Gillamoor and Lastingham - The Moors

Today was another exploring day through the village of Gillamoor and onto Lastingham. Not sure what we will see but as we have time on our hands ,and a full tank of petrol, off we go!


Gillamoor is a village and civil parish in the Ryedale district of the county of North Yorkshire. It is situated about three miles north of Kirkbymoorside on the edge of the North York Moors National Park. 
Once there, the first thing to catch our eye was this sundial. An unusual, complex, four-faced sundial (pictured above) surmounted by a finely carved stone globe, a Grade II listed structure. It stands by the roadside in the centre of Gillamoor. It was erected August 27th 1800 by John Russell by public subscription


The small attractive village church of St. Aidan stands right on the edge of a moorland escarpment, dropping sharply for 150 feet to the River Dove and the southern entrance to Farndale. It was rebuilt single-handedly in 1802 by local stonemason James Smith of Farndale using stone from the dismantled medieval church in Bransdale. The building was restored in 1880, and furnished by Temple Moore in 1908.
A church has occupied the site since as far back as the twelfth century. The present church consists of a simple rectangular structure with a nave and chancel and a porch at the western end of the south wall and an attractive bellcote at the western end of the building. The church is windowless on the north and west sides, reckoned a necessary safeguard against the prevailing winds.


View from the village toward the moors before we drove onward toward Lastingham and a brief look at the church


Simon Jenkins, author of England's Thousand Best Churches, calls the Norman crypt of St Mary's church in Lastingham 'one of England's special places'. It is certainly amazing that it has existed for so long and just standing there and thinking of the generations of people who have knelt here, it is awe inspiring!

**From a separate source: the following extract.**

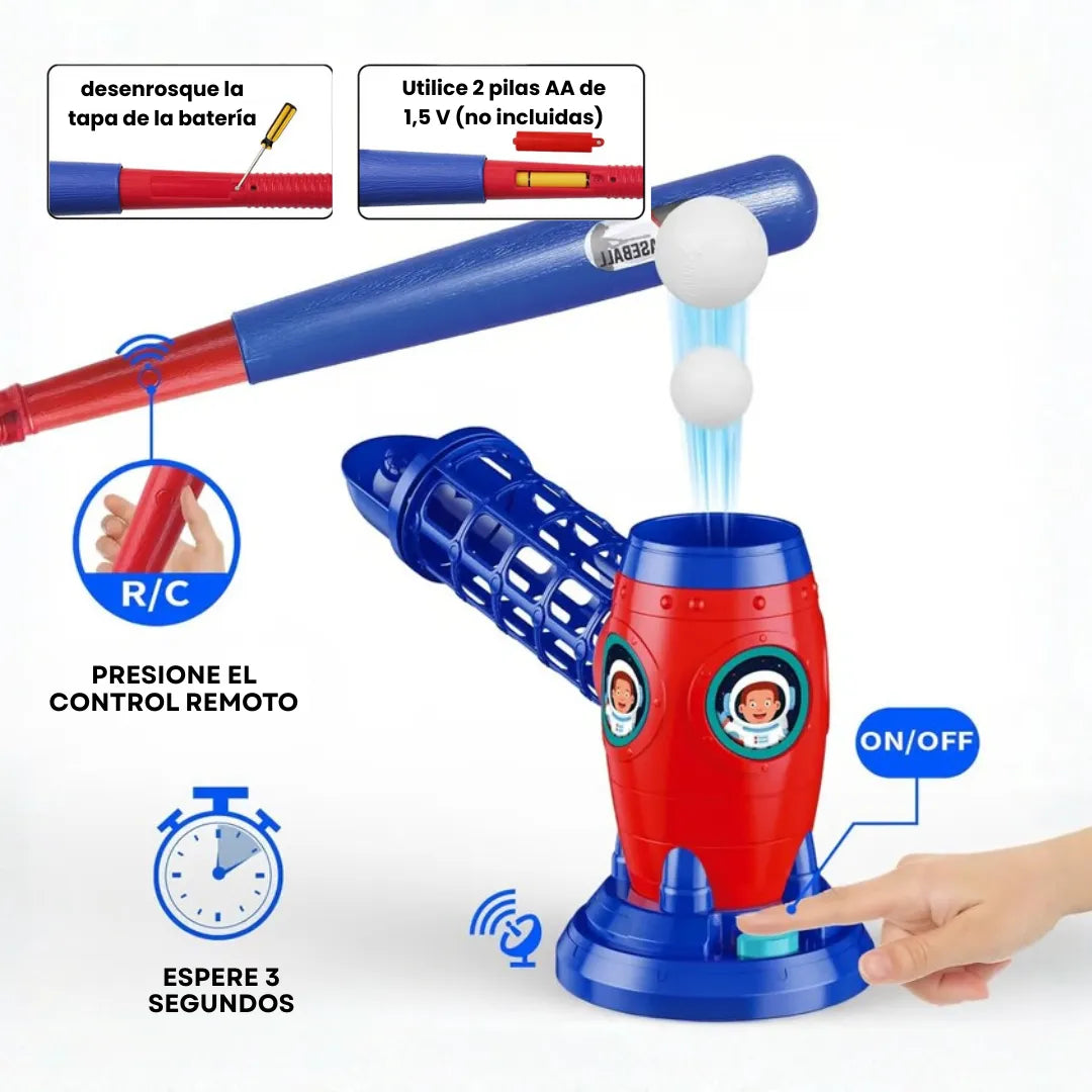 Componentes: 1 base de lanzamiento, 1 bate de plástico reforzado, 3 pelotas.

Around AD 725 the first stone church was built on this site n 1228 the former monastic church became the parish church for Lastingham village. A north aisle was added, followed by a south aisle in the 14th century, and a west tower was added in the 15th century. The church was in poor condition by the 17th century, until it was rebuilt by Thomas Ferres, a native of Lastingham who rose to become Mayor of Hull.
One interesting footnote in the history of Lastingham church comes from the 18th century when a curate named Jeremiah Carter was employed by an absentee vicar. Carter was married, with 13 children to support, so he supplemented his family income by fishing, while his wife kept the local Blacksmith's Arms pub. 
Carter was known to play the violin to entertain visitors to the pub. When questioned by the archdeacon on the propriety of his actions, Carter replied that his parishioners enjoyed three advantages, being instructed in religion, fed and entertained all at once. He argued that this method spending the Sabbath was so agreeable that his charges were 'imperceptibly led along the paths of piety and morality...'
Interior highlights include a 12th century font, a medieval floriated grave slab, and a free-standing 15th century water stoup.
The main attraction for many people is the Norman Crypt.


And so onto Lunch which was greatly enjoyed at the Moors Inn. The Moors Inn has been trading as an inn since the 17th Century in the beautiful village of Appleton- Le Moors.